Alcuni suoi lavori sono:
– Il vino e la letteratura (in “La Sicilia del vino”, Maimone, Catania, 2003) – saggistica
– Viaggio nella storia di una comunità (Lussografica, Caltanissetta, 2005) – saggistica
– Il collezionista di immagini – Saggio/romanzo su memoria e immagini (Maimone, Catania, 2012) – narrativa
– Influenza della voce materna sul nascituro (Maimone, Catania, 2014) – saggistica
– Specchio delle mie trame (Giovane Holden, 2014) – narrativa
– Schegge di sciara, canto d’amore per la Sicilia (Maimone, 2015) – poesia
– Suoni e voci nella Commedia di Dante (Società Editrice Dante Alighieri, in corso di stampa) – saggistica
– La voce della scrittura (in fase di stesura definitiva) – saggistica

Sergio Mangiameli è del ’64, geologo, giornalista pubblicista, interprete naturalistico, vive sull’Etna. Ha pubblicato i racconti “Dall’ulivo alla luna” (Prova d’Autore, 1996) e “Rua di Mezzo sessantasei” (Il Filo, 2008), i romanzi “Aspettando la prima neve” (Rune, 2009), “Dietro a una piuma bianca” (Puntoacapo, 2010), “Sul bordo” (Puntoacapo, 2013), “Come la terra” (Villaggio Maori, 2015, che ha partecipato a MontagnaLibri 2016 del Trento Film Festival), “Quasi inverno” (A&B Editrice, 2018), "La nevicata perfetta" (A&B Editrice, 2020). Ha scritto i testi di “MicroNaturArt – voci dal microcosmo” (Arianna, 2014), esperimento letterario di fotografia scientifica; i racconti di “Ventiquattr’ore – fotografie di finestre e parole intorno” (Puntoacapo, 2016), i cui scatti sono di Lino Cirrincione; e, assieme al vulcanologo Salvo Caffo, “Etna patrimonio dell’umanità, manuale raccontato di vulcanologia e itinerari” (Giuseppe Maimone Editore, 2016), con le illustrazioni di Riccardo La Spina.

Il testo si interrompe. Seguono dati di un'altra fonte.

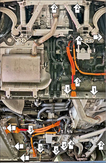 1. В штатные резьбовые отверстия крепления пыльника к поперечине аккумулятора установить задние точки крепления защиты при помощи болтов М6х30 с шайбами и гр. шайбами 6.

Ha scritto i testi dei film corti “La corsa mia” e “Idda”, e i monologhi “Questa storia” e “Il gioco infinito”, visibili entrambi su YouTube. Sul portale web Etnalife, scrive racconti etnei per la rubrica letteraria “Storie dell’altro mondo”. “La piuma bianca” è il suo blog sul magazine online SicilyMag. L’esperimento nuovo è “Le colate raccontate” – vulcanologia storica dell’Etna e narrativa surreale insieme, tra esattezza scientifica e finzione letteraria in racconti –, portato in scena col vulcanologo Stefano Branca.